# Randomness Jax

## Lesson Goals:

By the end of this lesson, you will be able to explain the difference between randomness in jax and numpy. You will also be able to explain why jax handles randomness the way it does. 

## Core Concepts:

- `rng`
- `vmap`

## Further Resources

[Jax Official Random Number Post](https://jax.readthedocs.io/en/latest/random-numbers.html)


In [None]:
import jax.numpy as jnp
from jax import grad, jit, vmap
import jax
from jax import random
import numpy as np

# RNG in Numpy

Notice how subsequent calls to `np.random.randn` causes a new number to be generated? This is because there is an internal state tracker, which advances with every subsequent call. Note how we can "reset" this state by calling `np.random.seed` again! 


In [None]:
import numpy as np

# Generate an array of random numbers
for i in range(3):
    print(f"Iteration: {i}")
    np.random.seed(42)
    
    for j in range(4):
        print(np.random.randn(1))
    print("")


# RNG In Jax

In keeping with Jax's philosophy of purity (and because it opens up some capabilities we'll touch on later), Jax's RNG system requires an explicit "key" to be passed in with every call. This purity is desirable because it forces us to be explicit in our RNG process, which means that reproducibility is easier across multiple machines. This reproducibility across multiple machines is extremely desirable, especially with the large models that need to be trained across multiple GPUs.

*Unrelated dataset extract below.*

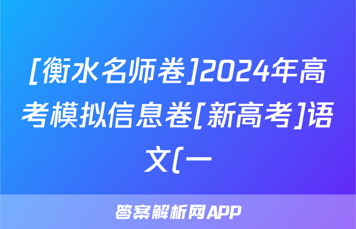 [衡水名师卷]2024年高考模拟信息卷[新高考]语文(一)1试题正在持续更新,目前2026卷行天下答案网为大家整理了相关试题及答案,供大家查缺补漏,高效提升成绩。

P.s. It's **probably** less of an issue nowadays, but look up "reproducible pytorch" and "reproducible tensorflow" to see a slew of stackoverflow posts about the hoops you have to jump through to get reproducible runs across machines.

## Generating random numbers in Jax

So how do we do this? Well, it looks very similar to the numpy code above! We pass in our original `key` into a `split` function, which generates a new `key` and `subkey`

In [None]:
 import jax
import jax.numpy as jnp


# Generate random numbers using the key
for i in range(3):
    key = jax.random.PRNGKey(0)
    print(f"Iteration: {i}")
    
    for j in range(4):
        key, subkey = jax.random.split(key)
        # Use the subkey to generate new random numbers
        new_random_numbers = jax.random.normal(subkey, shape=(1,))
        print(new_random_numbers)

    print("")


## Understanding the code:

```python
key = jax.random.PRNGKey(0)

...

key, subkey = jax.random.split(key)
```

We must first create the initial key via `jax.random.PRNGKey` (think of it like setting the `np.random.seed`) before we then create a "new key" from the original key via `jax.random.split`. 

## RNG Design

To maintain purity, JAX's random keys are immutable. And so, you need to split the key to generate new numbers. Splitting the key ties the state of our random generator to a number that can be more-easily repeated (think of it as setting the seed at every RNG call).



## Why bother?

It's clear that the two examples above behave similarly - we were able to reproduce the results by calling `np.random.seed` and `jax.random.PRNGKey` in between runs. However, in `numpy`, it's common to only set the seed at the start of the script. Very rarely do you see people resetting the seed in the middle of the program.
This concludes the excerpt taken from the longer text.